For the last 15 years and counting, Engineering News-Record has ranked Turner Construction Company the #1 Green Contractor in the United States. While Turner has countless green building across the globe, they also have 13 LEED certified buildings here in Kendall Square – including 6 Gold, 3 Platinum, and 2 Silver LEED buildings – and that number will only continue to grow. Turner is not just a builder of green buildings, but being a green builder is at the heart of all their work.

As a company, they have diverted more than three million tons of construction waste from landfills, improved on site work environments, and reduced their environmental impact through several programs and initiatives. What makes Turner different is recognizing that these efforts alone are not enough as they continue to seek new and enhanced ways to utilize technical expertise to create a healthy, prosperous, and sustainable future in construction.

Turner concentrates on addressing internal food waste, building internal sustainability knowledge and capacity, building green construction sites, and contributing to sustainable building life cycles. What’s more, building materials have high embodied carbon. Concrete, for example, makes up 49% of embodied carbon. Due to the amount of carbon found in construction materials, Turner is also focused on addressing embodied carbons, especially in concrete and steel.

The company has engaged in the following sustainability work:

Addressing Food Waste

Turner has a pilot composting program in their Seaport office that, to date, has composted 630 pounds of waste at their main office. In addition, a composting program at one of Turner’s Kendall Square construction projects composted 450 pounds of food waste – diverting almost half a ton of waste from landfills.

Creating Internal Sustainability Working Groups

The company created monthly meetings with subject matter experts in embodied carbon, jobsite carbon and water usage, energy, resilient building design, circular economy, and building accreditation to share knowledge nationally and inform the operations of local business offices. The council of subject matter experts are focused on growing Turner’s knowledge base to ensure continued growth as the top green builder in the nation.

Ensuring Greener Construction Sites

On Turner’s construction sites, the company instituted a no idling policy where all vehicles within the jobsite fence (including, but not limited to, transportation and construction equipment, delivery trucks, and personal or company trucks) shall not idle. This policy contributes to the company’s quadruple bottom line of caring for its employees, the planet, gaining extra LEED certification points, and saving fuel. Eliminating idling from the jobsites aligns with the commitments to Active Caring, Lean Culture, and Sustaining Life. This provides a safer jobsite, happier neighbors, and cost savings without any upcharge.

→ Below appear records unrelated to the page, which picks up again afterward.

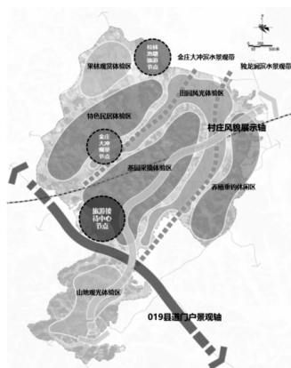
图4 太安村乡村旅游发展结构图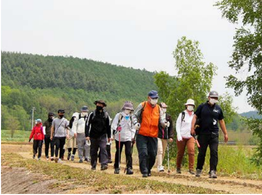
作品の世界を振り返りながら進む参加者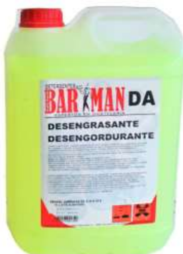
50471-BARMAN DESENGORDURANTE GERAL (DA) 4x5 Lt.

The company is using LED lamps in all temporary construction lighting in lieu of incandescent, halogen, or fluorescent lights. This nominal initial investment reduces labor and utility costs, has no hazardous waste and provides better quality light for more productivity and increased safety.

Building a More Sustainable Lifecycle

Turner’s focus of making its building life cycles more sustainable is evidenced by their waste management practices. For example, in a project they did with the City of Boston, they demolished several small buildings, and partnered with developers in Tanzania to send seven shipping containers of good quality building materials taken from the demolition to the country, where it was used to build an university.

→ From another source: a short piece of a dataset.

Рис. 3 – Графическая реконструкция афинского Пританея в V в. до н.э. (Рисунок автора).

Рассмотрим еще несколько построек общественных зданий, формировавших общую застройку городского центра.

The company partnered with the nonprofit, The Furniture Trust, in the past to provide gently used office furnishings to local businesses, thereby providing an economical and environmentally responsible solution for otherwise unused office furniture.

Reducing Embodied Carbon

Turner is heavily focused on reducing their embodied carbon and are helping their clients do the same. They have several buildings that will reduce embodied carbon in concrete, and are able to reduce embodied carbon in concrete with little or no upcharge. Turner released an Embodied Carbon Baseline Report in 2022 reflecting emerging trends in the greenhouse gas emissions associated with a sample of their projects’ material footprint. The report corroborates widely accepted conclusions relating to the embodied carbon footprint of commercial buildings in the United States.

In addition, the company has two working committees focused on reducing embodied carbon. The first group focuses on programmatic integrations of embodied carbon considerations into our business model, and includes full-time sustainability managers and design specialists from the Turner Engineering Group (TEG), as well as heads from the estimating, purchasing, technical services, and Virtual Design and Construction (VDC) departments. The second group focuses entirely on concrete embodied carbon reduction, and includes managers and design specialists from our self-perform concrete operations, estimating, sustainability, and structural engineering departments. To date, this group has interviewed and researched over 14 emerging concrete technologies and rolled out company-wide educational material on the use of concrete sensors as a reduction approach.